A New Testament road map to a Spirit-based life

As you read, be prepared to take out your Bible and turn to the book of Hebrews.

The earliest Christians thought deeply about the significance of Jesus. The quality of their meditation is reflected in the New Testament. His life, so fresh, yet so congruent with the Hebrew Scriptures, or Old Testament, required a new genre of literature, the Gospels, to articulate it. In addition, the correspondence of the Apostle Paul and other writers is heaped full with insights into the universal meaning of what they understand as the particular, radiant appearing of Truth among humanity: Christ Jesus, the paramount example of spiritual, redemptive living.

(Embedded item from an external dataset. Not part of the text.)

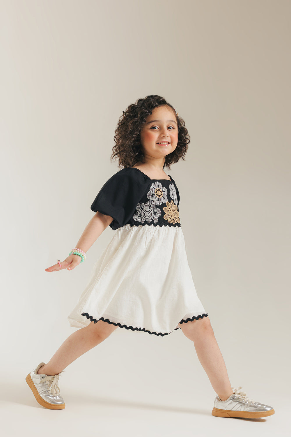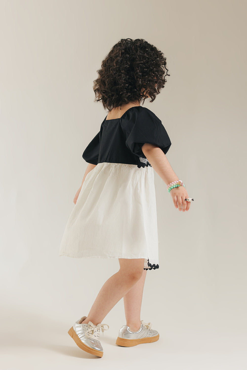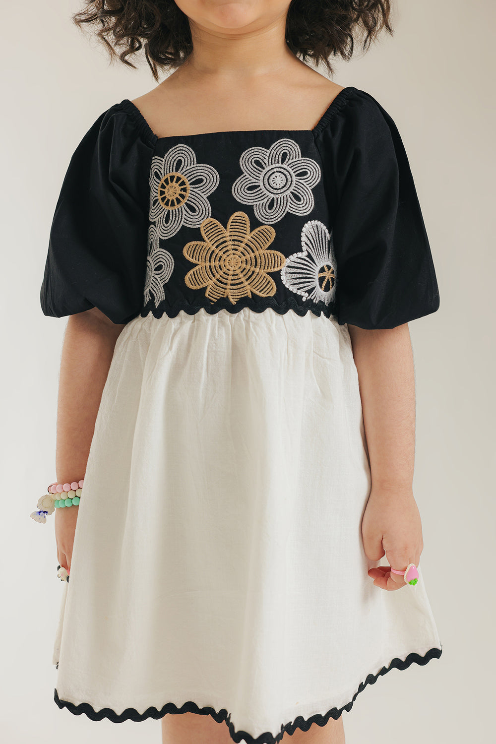 Inject retro flower power into her wardrobe with this fun, monochrome dress. The knee-length frock features a square neckline and is contrasted by puffed, short black balloon sleeves. The fitted black yoke is beautifully decorated with oversized floral embroidery in white, gold, and tan. The dress flows into a solid white skirt with a playful scalloped black trim at the hem, creating a bold and charming look.
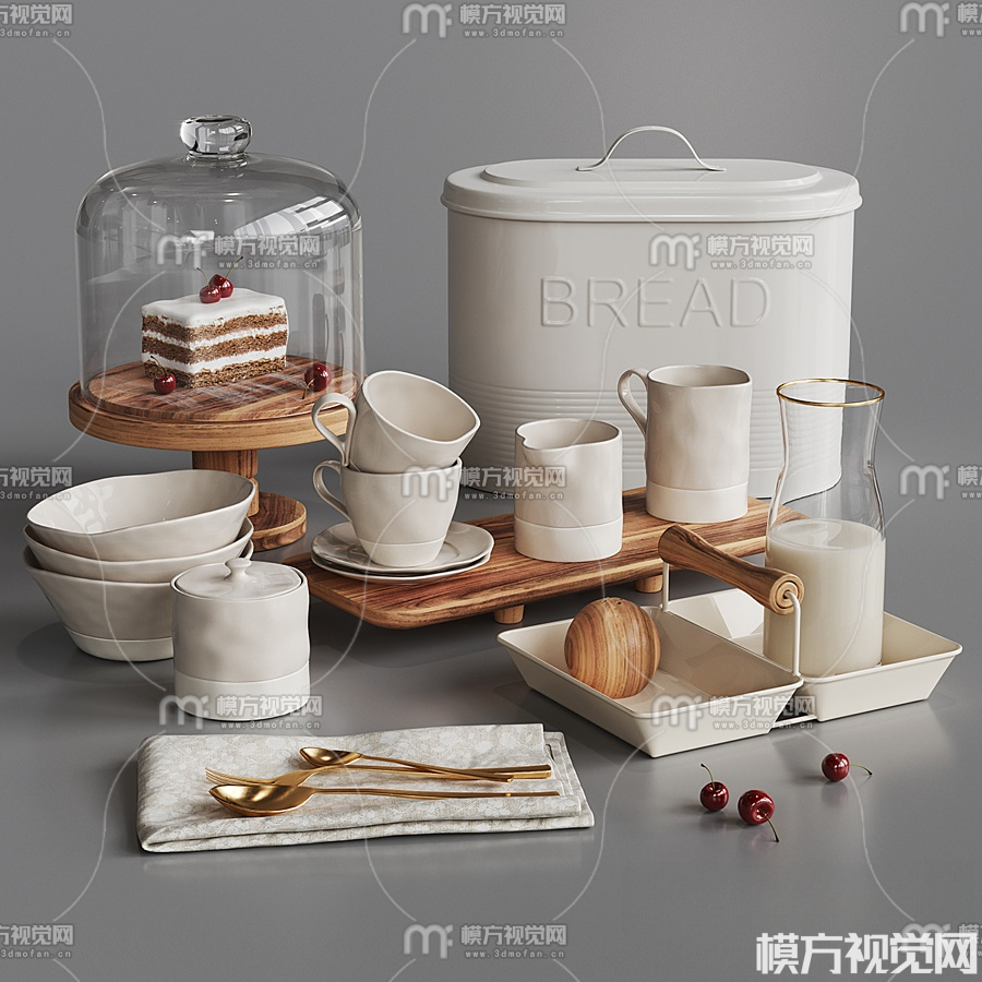 杯子 餐具 甜品组合3D模型(ID:0017522)

Each of these writers, in an individual way, embraces him. They show him the greatest respect, mingled with simple affection. What is more, they do not put Jesus out of reach. No, far from it. They place Jesus and his teachings at the center of life on earth, as the key to the meaning of existence.

This is all the more remarkable when we remember that these people wrote from no special position of privilege. Neither the religious nor civil authorities were their sponsors. They wrote with a power based on experience. Some were eyewitnesses (see, for example, I John 1:1–3); others recorded the reminiscences of the first Christian followers (see Luke 1:1–4). But the ring of authority is unmistakable, expressed on the one hand with a marked sense of individuality, as in the letters of Paul, and on the other hand with determined anonymity, as in the four Gospels, where the authors are unnamed in the texts. But in every case, the writers depict, not so much a life to be analyzed and evaluated, as a Life to be shared, as they follow him.